That analogy came to mind as I was speaking with Jon McNeill, CEO of DVx Ventures, former president of Tesla, and former chief operating officer of Lyft. As the phone company automated its network, what followed was a great deal of “hand-wringing with fears that 800,000 people would be out of work,” he recounted.
That was the first-order effect, he explained. “What people couldn’t see at the time was the backside of that. Entrepreneurs looked at that and created a whole new industry called call centers. We ended up having many more jobs, much more GDP creation and value creation."
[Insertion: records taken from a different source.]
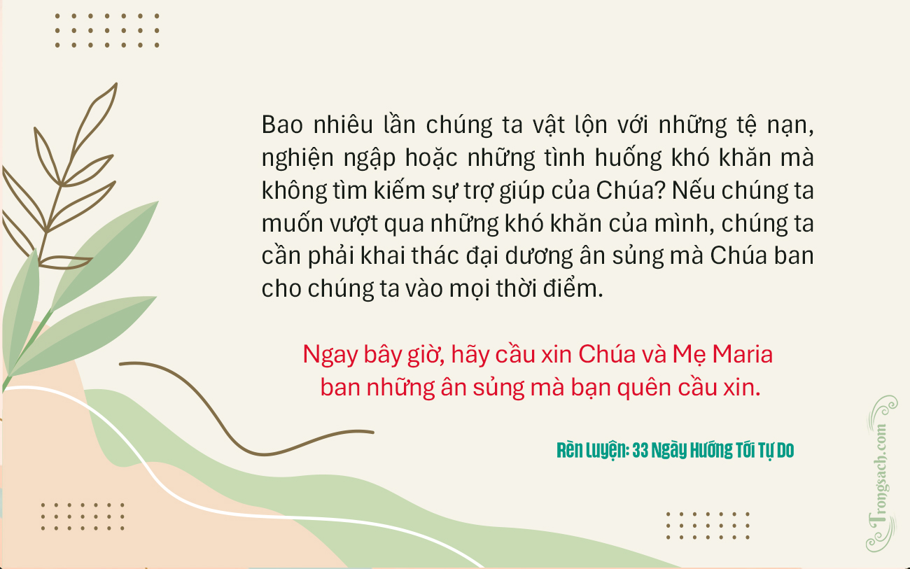 Bao nhiêu lần chúng ta vật lộn với những tệ nạn, nghiện ngập hoặc những tình huống khó khăn mà không tìm kiếm sự trợ giúp của Chúa? Nếu chúng ta muốn vượt qua những khó khăn của mình, chúng ta cần phải khai thác đại dương ân sủng mà Chúa ban cho chúng ta vào mọi thời điểm. Ngay bây giờ, hãy cầu xin Chúa và Mẹ Maria ban những ân sủng mà bạn quên cầu xin. Nếu bạn đang vật lộn với sự dâm dục, hãy cầu xin ơn trinh khiết. Nếu bạn gặp khó khăn vì tuyệt vọng, hãy cầu xin hy vọng. Nếu bạn chiến đấu với sự ích kỷ, hãy cầu xin một trái tim vị tha. Nếu bạn đang phải vật lộn với chứng nghiện, hãy cầu nguyện để được giải thoát. Đúng là các đức tính cần có thời gian để phát triển, nhưng Chúa hứa, “Anh em cứ xin thì sẽ được, cứ tìm thì sẽ thấy, cứ gõ cửa thì sẽ mở cho. Vì hễ ai xin thì nhận được, ai tìm thì thấy, ai gõ cửa thì sẽ mở cho” (Lu-ca 11, 9–10). (Video cho ngày 14)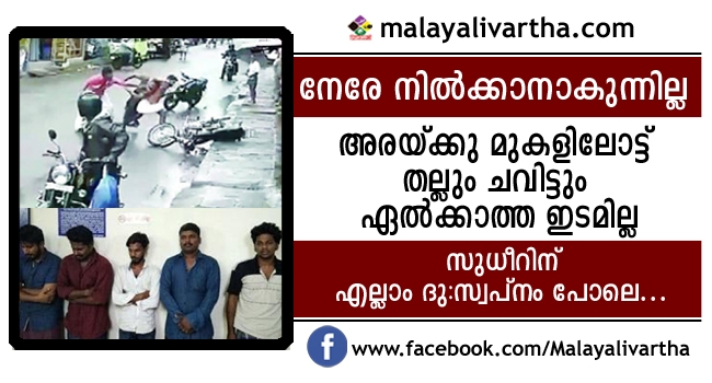 പാചകത്തിനു പോയിമടങ്ങിവരുന്ന വഴിയാണ് മൃഗീയമര്ദനത്തിന് സുധീര് ഇരയാകുന്നത്. കഴിഞ്ഞതൊന്നും ഓര്ക്കാന് സുധീര് ഇഷ്ടപ്പെടുന്നില്ല. െബെക്കില് വീട്ടിലേക്കു മടങ്ങുംവഴിയാണ് മുടപുരം ജങ്ഷനില് അപകടകരമായ രീതിയില് മറ്റൊരു െബെക്കില് രണ്ടുപേര് അഭ്യാസം കാണിക്കുന്നത് ശ്രദ്ധയില്പ്പെട്ടത്.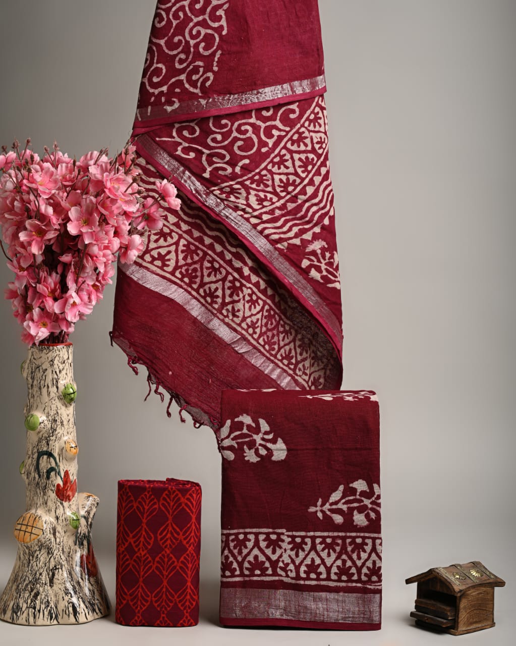 Handblock Printed Linen Suits With Silver Border: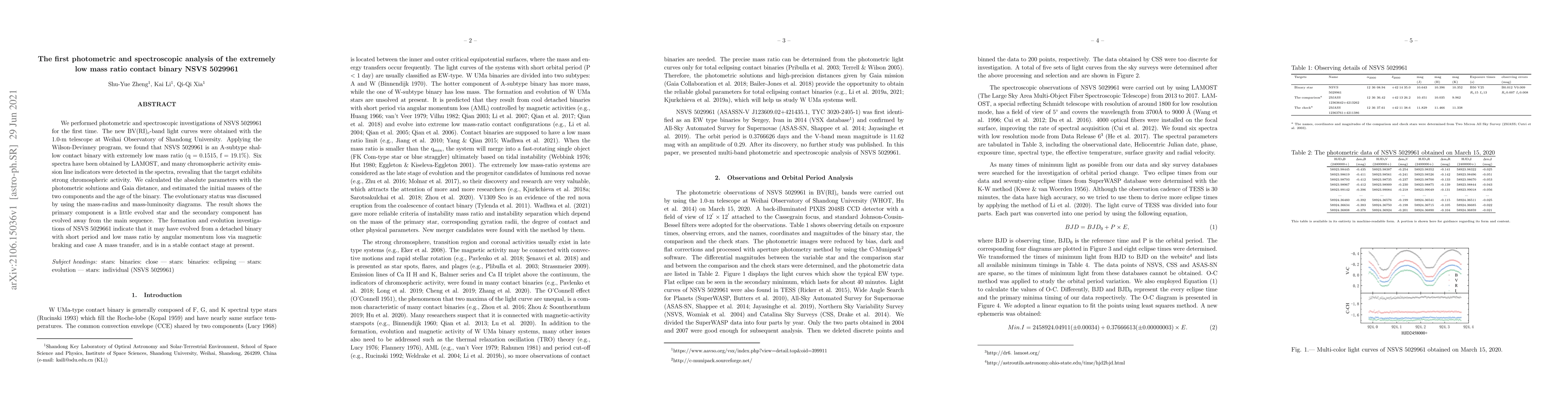 This study presents the first photometric and spectroscopic analysis of the extremely low mass ratio contact binary NSVS 5029961, revealing it to be an A-subtype shallow contact binary with a mass ratio of 0.1515. The analysis indicates strong chromospheric activity, and the evolutionary status suggests it evolved from a detached binary through angular momentum loss and mass transfer.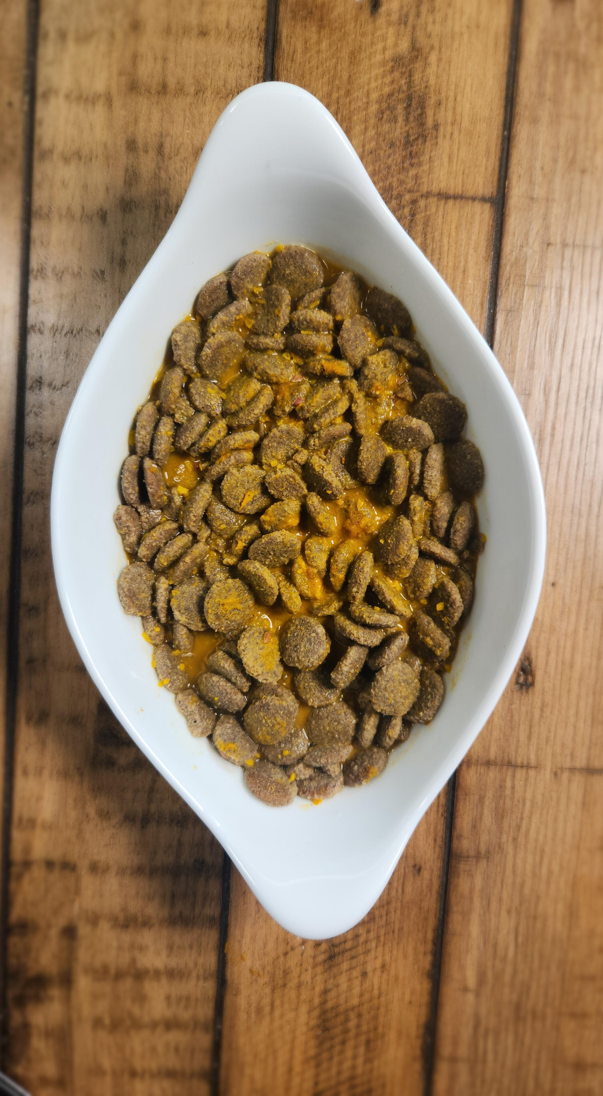 Add water to their meals. That's it. A quarter to half cup of warm water per cup of kibble, plus a nutrient-dense topper like Morning Vitality Blend, transforms a dry, nutrient-depleted meal into something their body can actually work with. The kibble softens, the nutrients release, and your dog's digestive system gets to do what it was designed to do — without fighting for every drop of moisture.Why a topper matters beyond hydration: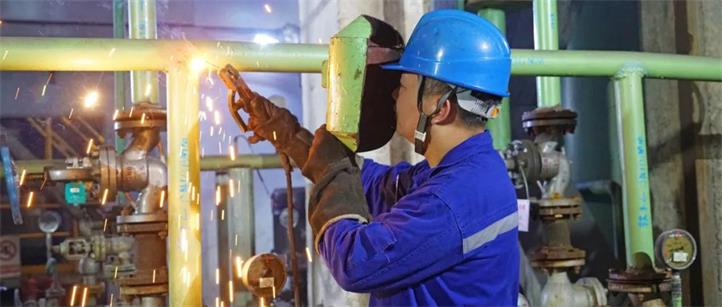 郭超笑了笑說道:“也可以這么說。事實上,對于我們普陽維修工來說,電焊只是我們必備技能之一。我們常說‘焊割不分家’,很多時候,我們在處理故障時,需要獨立完成切割與焊接。只不過在這兩種技能中,我在焊接方面比切割稍微好一點。我上學(xué)時讀的是職業(yè)中專,學(xué)的專業(yè)就是電氣焊。自2006年進廠以來,14年里一直干維修,長期的工作實踐對我電焊技能的提高有很大幫助。像‘心平手穩(wěn)落點準(zhǔn),立平仰焊一次成’這些焊工技術(shù)要領(lǐng),沒有工友的幫襯、沒有領(lǐng)導(dǎo)的栽培、沒有時間的浸泡與打磨,是練不出來的。”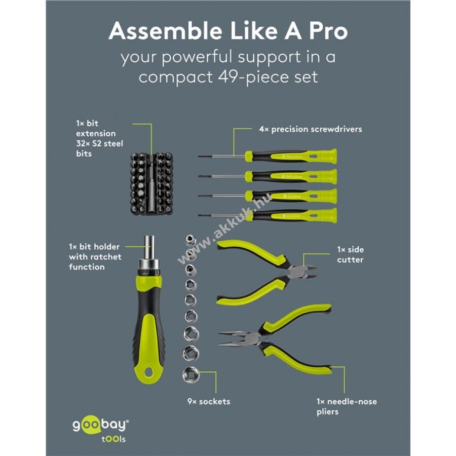 9x dugókulcs és 32x ütésálló S2 acélból készült bit: 8x lapos, 12x kereszt (PH PZ), 7x belső hatszög (T), 5x hatszög (H).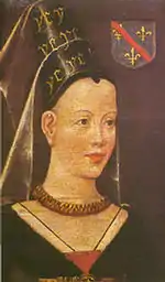 Isabella of Bourbon was born c. 1434 as the second daughter of Charles I, Duke of Bourbon and Agnes of Burgundy, duchess of Bourbon and Auvergne and the daughter of John the Fearless, Duke of Burgundy between 1404 and 1419. Isabella was raised in the court of her uncle, Philip the Good, and became a favourite of his.[2] She married her cousin Charles the Bold in 1454 as his second wife. Although the marriage was politically motivated as part of a truce between Charles I and Charles the Bold, the couple fell in love and became well known for their fidelity to each other.[3]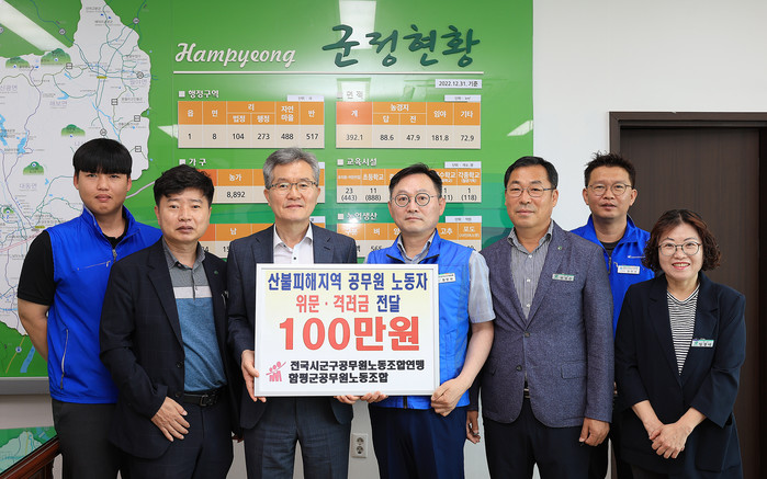 26일 군에 따르면 공무원노동조합연맹이 이날 오전 지난달 발생한 산불 진화 작업에 참여한 함평군 공무원을 격려하기 위해 100만원을 전달했다.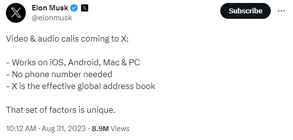 إيلون ماسك في منشور له، إن الشركة ستعمل على تفعيل خاصية مكالمات الفيديو والصوت دون الحاجة إلى استخدام رقم هاتف.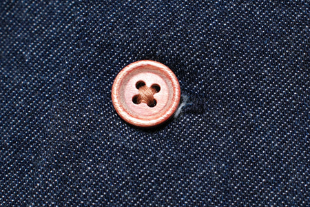 This shirt is constructed with lightweight 8oz selvage denim, specially developed by Samurai. Slowly woven using vintage denim looms, this denim has a subtly irregular texture and is extremely comfortable against the skin! Thanks to the grand indigo thread-dyeing process, this denim will fade to a high contrast sky-blue indigo look with washing and wearing!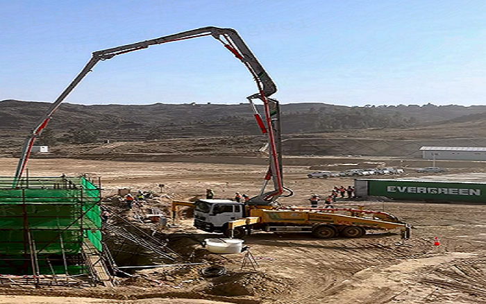 此次工程不僅面臨施工設(shè)備和材料供應(yīng)奇缺等難題,且厄籍職工沒有大型混凝土澆筑經(jīng)驗(yàn),加之項(xiàng)目澆筑需要長(zhǎng)時(shí)間、大方量的持續(xù)性作業(yè),施工困難重重。徐工HB43V泵車和徐工攪拌車協(xié)力共進(jìn),完美應(yīng)對(duì)此次澆筑任務(wù)。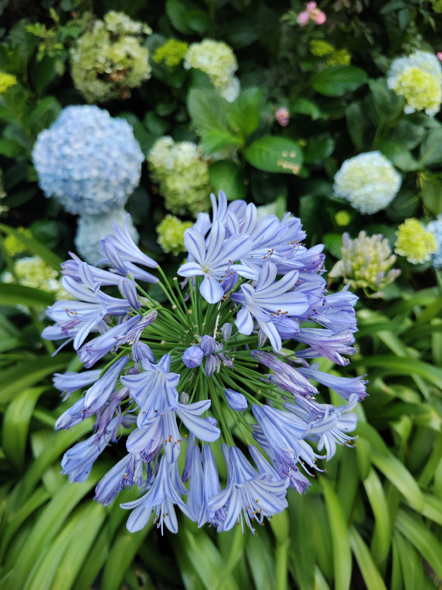 The image shows a close-up of a cluster of light blue and white striped agapanthus flowers in full bloom, with green, blade-like foliage below. In the background, there are blurred clusters of blue, g…read more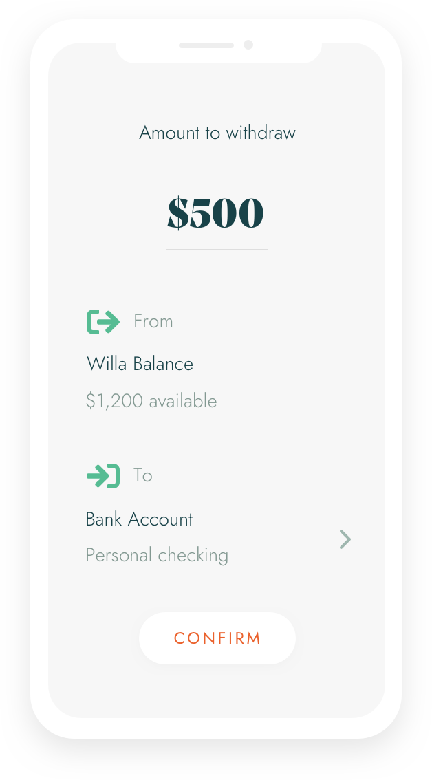 Your funds are immediately available in your Willa account and can be transferred to your bank account or PayPal. A debit card is coming soon.

In his new book, The Algorithm: The Hypergrowth Formula That Transformed Tesla, Lululemon, General Motors, and SpaceX, McNeil discussed the impact of technology on businesses and markets, how technology drives opportunities that are difficult to see right away. At the same time, he outlined why automation can’t be applied willy-nilly either.
McNeill pushes back vigorously against the notion of a job wipeout due to AI. In the long run, technology developments such as AI will deliver new generations of innovation – and create new roles for humans. “I hear the argument, ‘this time, it’s different,’ that ‘the invention’s smarter than us,’” he said. “Inventions are always better than us. I just don’t see evidence that this is the first time in human history this happened. We can’t see the other side, we rarely see the other side, and the opportunity it creates.”
It’s common to clearly see “first-order job destruction in technology,” McNeill continued. “But humans are really bad at seeing second-order effects, and third-order effects. All the doomsayers can see is the doomsday scenario."
For example, he said, there used to be skyscrapers full of people doing manual calculations. The spreadsheet came along and eliminated all those jobs. But we didn’t have mass unemployment on Wall Street. It enabled all kinds of different trading strategies and second-order effects that actually led people to have much more interesting jobs."
To prepare an organization to optimize AI, it’s important to think long term here as well – maybe not as far as second-order effects, but to the effects on business processes. “First, decide what outcome you want from this business process,” McNeill advised. “Asking for AI first is a lot like saying, ‘I want a hammer.’”
The bottom line, he said, is “if people don’t understand the nature of the problem they’re trying to solve, what their goal is, they’ll start applying a hammer to every problem. They’re only going to leave holes in the wall.”
The best approach is to describe "‘here’s what I want you to build. Now let’s talk about how you go about that. Is ML the right approach? Is AI the right approach? Is deterministic code the right approach?’"
Think about what teams are being asked to build, he continued. “And start with the goal. And then let teams tell you what is best to reach that goal.” For example, an executive should say, “’here’s what I want you to build, and I want you to take 50% of our cost base out,’” he illustrated. “That’s a different order that gets placed. Then people start thinking creatively about what new sets of tools they need to do that. That can pull the AI forward.”
In his book, McNeill has several guiding principles, staring with “question every requirement,” with an emphasis on simplicity, and ending up with this surprising piece of advice: “automate last.” He related how Tesla, under his watch, was experiencing a backlog of orders due to sluggishness in its automated manufacturing process. The solution, he found, was to set up a long tent outside Tesla’s California assembly plant and hand-assemble each component in an all-human assembly line. It was there the team was able to identify how to smartly apply automation to each phase.
The key is to learn, simplify, and optimize the system first. “Automation, whether software or robots, had to come last,” McNeill wrote. He likened the process to building a house, with the contractor building it as the architect is still working on it. All too often, the software is applied before the business process is mature.
“People really need to understand, ‘here’s the problem I’m trying to solve, here’s why AI is appropriate for this, and hers the steps to deploy AI,’" he said. This may include cleaning up data, training the model on the data, and doing post-training to ensure the model delivers accurate, up-to-date results.